(MATERIAL PROVIDED):

BEGIN

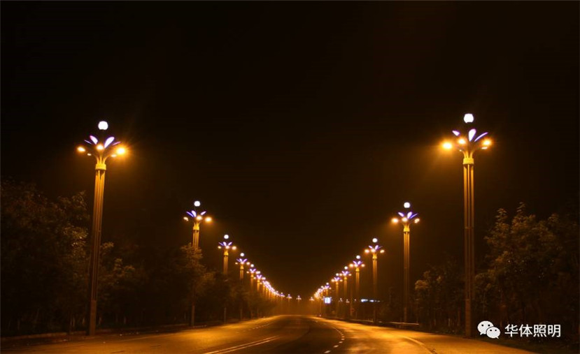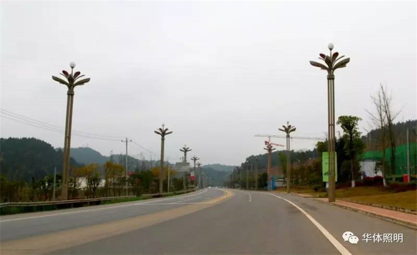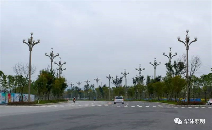 為貫徹落實城市工作會議精神,加快城市更新提檔增速,推進城市基礎設施轉型升級,提升城市品位,根據市委、市政府安排部署,按照遂寧市打造“綠色城鎮?幸福生活”示范工程的要求,2017年1月,遂寧市河東新區二期(A區)整體城鎮化建設靈泉大道路燈提升安裝工程正式啟動。此條道路是連接遂寧東高速出口和G318線的重要迎賓道路,全長約2.4公里,華體照明設計并安裝了15米“蓮花頌”景觀燈。
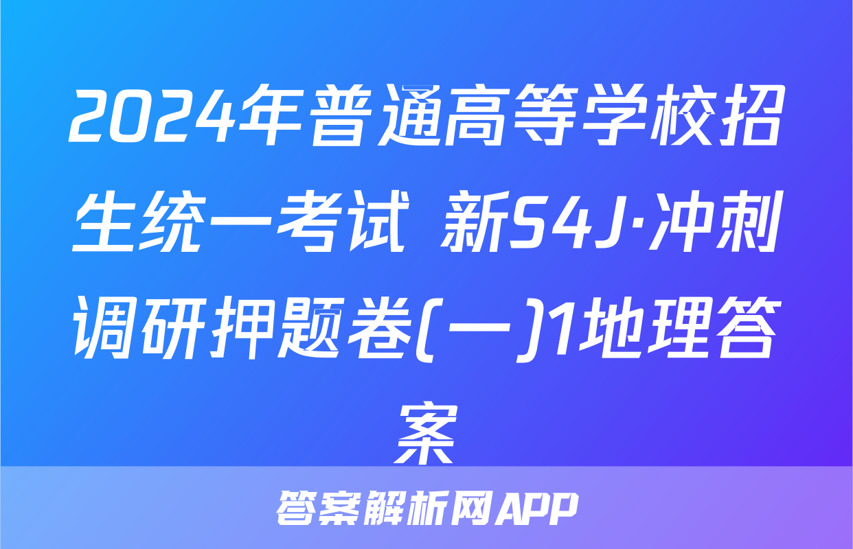 <p>1、2024年普通高等学校招生统一考试 新S4J·冲刺调研押题卷(一)1地理答案</p><br><p><p>1、2024年普通高等学校招生统一考试 S4·冲刺调研押题卷(一)1政治答案</...
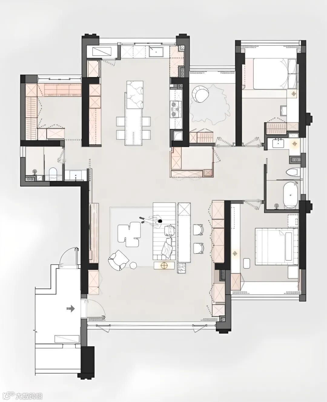 睡眠区重视当下和未来家庭成员的需求,以一条过道串联三间卧室入口,增加空间利用率,在理性的布局中流露着对内心情绪的关照。

END

(WORK INSTRUCTION):
What you give back must match the material above exactly, minus its pictures.

(RESULT OF THE TASK):
 為貫徹落實城市工作會議精神,加快城市更新提檔增速,推進城市基礎設施轉型升級,提升城市品位,根據市委、市政府安排部署,按照遂寧市打造“綠色城鎮?幸福生活”示范工程的要求,2017年1月,遂寧市河東新區二期(A區)整體城鎮化建設靈泉大道路燈提升安裝工程正式啟動。此條道路是連接遂寧東高速出口和G318線的重要迎賓道路,全長約2.4公里,華體照明設計并安裝了15米“蓮花頌”景觀燈。
 <p>1、2024年普通高等学校招生统一考试 新S4J·冲刺调研押题卷(一)1地理答案</p><br><p><p>1、2024年普通高等学校招生统一考试 S4·冲刺调研押题卷(一)1政治答案</...
 睡眠区重视当下和未来家庭成员的需求,以一条过道串联三间卧室入口,增加空间利用率,在理性的布局中流露着对内心情绪的关照。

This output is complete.